KARACHI, Oct 20: Speakers at a seminar here on Sunday claimed that international donor agencies ignored the local community while implementing development projects.
They were speaking at the “Third Dr Akhter Hameed Khan Development Forum,” organized by NGOs, at the National Institute of Public Administration.
Delivering the Dr Akhter Hameed Khan Memorial lecture, economist Dr Aly Ercelawn cited instances of several such projects financed by the World Bank and the Asian Development Bank that proved disasters for the local community.
Following protest by the local community against the Chotiari Reservoir project, the Asian Development Bank pulled back from the project and now some Saudi agency was funding it, he said.
Referring to the Korangi Fish Harbour project, he said the project remained redundant for several years.
“Suddenly we saw carpeting of the access roads and movement of large vehicles/vessels in the area as deep-sea trawlers began their operation from the harbour” he said.
Talking about deep sea fishing, Dr Ercelawn said deep-sea trawlers’ three- mile-long net wiped out fish stock and also secured a huge quantity of by-catch that was thrown back into the sea in the form of dead fish.
Moreover, these big vessels often crossed their allotted territory, as before the imposition of ban on licence for deep-sea fishing several foreign trawlers were spotted even in the creeks, he said.
The late Omar Ashgar Khan, when he was a minister in the present government, imposed a ban on the issuance of licence for deep-sea fishing trawlers.
He referred to a study conducted by a navy official after the ban, and said the study revealed that after the ban fish exports registered a sizable increase.
“China formally lodged a protest with the government, and the ban on the issuance of licence for deep-sea fishing was lifted,” Dr Ercelawn said.
He also referred to the plan concerning privatization of the KWSB and the Chashma project which proved fiasco for the donor agencies.
Representing the People Rights Movement, Islamabad, Asim Sajjad spoke on the peasant struggle in Punjab against the army.
“Such type of peasant movement has never been witnessed in Punjab, in which during the past nine months six peasants have lost their lives,” he said.
Giving a historical perspective of the issue, Mr Asim claimed that during the colonial period farmers from east Punjab were resettled in Okara and Khanewal on the assurance that they would be given proprietary land rights. Over the years they turned the barren grasslands into 70,000 acres of farmland.
This land, owned by the government of Punjab, was leased to the army for 20-25 years, he claimed. Thus military farms came into being.

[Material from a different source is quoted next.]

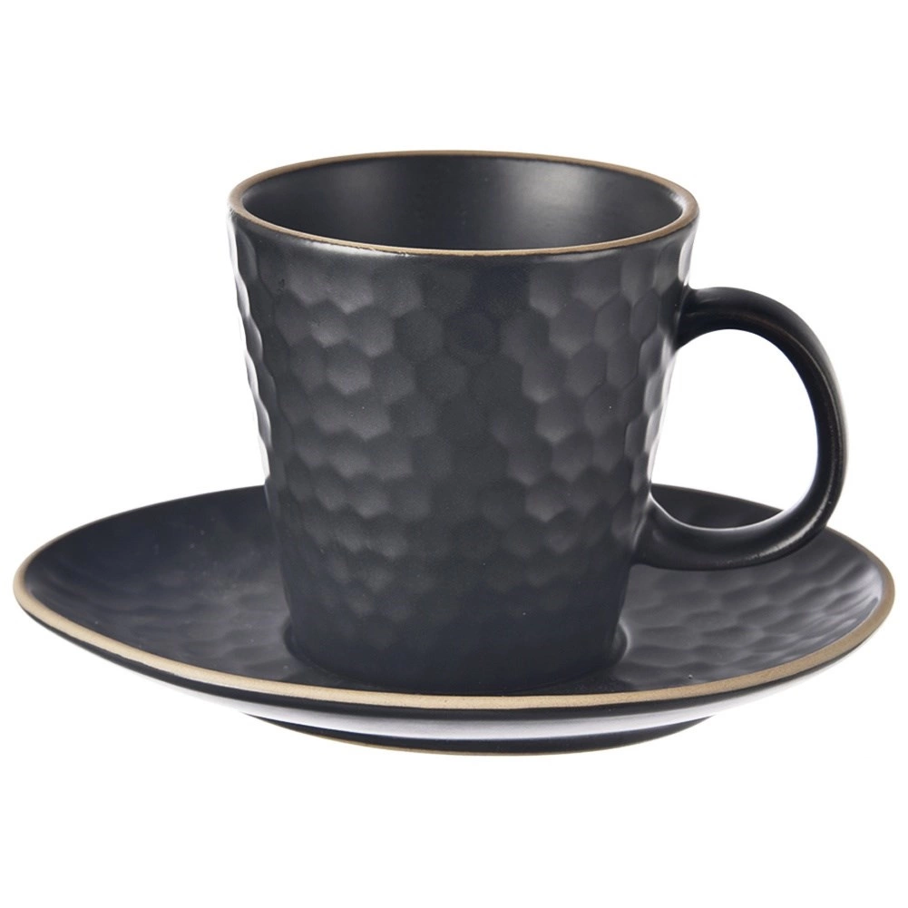 Vnější reliéf inspirovaný včelí pláství a matná černá glazura dodávají šálku prémiový vzhled, který vynikne v moderní kuchyni.

“This lease expired recently, but by June 2000 the military administration in these areas began pursuing peasants to enter into contract agreements which stipulated that they would vacate land within six months if it was needed for defence purposes,” he said.
All normal tenancy laws had been set aside in the contract; in case of default a peasant could be ejected from these lands within three months, he claimed.
“Rangers have been deployed on the Okara farmlands to contain the peasant movement, as peasants were demanding ownership of land because they have been tenants there since the colonial period,” he said.
“The Board of Revenue and the public accounts department have given decisions in favour of peasants. It is also a human-rights issue because 35-40 per cent of the peasants on these farms are from the minority Christian community,” he added.
Nazir Ahmed Watto, of the Anjuman-i-Samaji Bahbood, Faisalabad, said how residents of a small village, Dudiwala in Faisalabad district, learnt from renowned sociologist Dr Akhtar Hameed Khan when they laid a sewerage line in their village on a self-help basis.
He said through working at the grassroots level people could make remarkable achievement as Dr Khan did in the Orangi Pilot Project.
He said more people have died in the past 100 years due to poor sanitation than in war. Keeping in view the massive corruption in our government departments, people should solve their problems on a self-help basis.
Mohammed Nauman, an associate professor at NED University of Engineering and Technology, made a presentation on a strategy to fight poverty in Pakistan.
The day-long two sessions of the seminar was presided over by senior journalist Zubaida Mustafa and Dr Fauzia Qureshi.
The sessions were followed by group discussions.
Writer and newspaper columnist Zahida Hina summed up the proceedings of the Third Dr Akhter Hameed Khan Development Forum.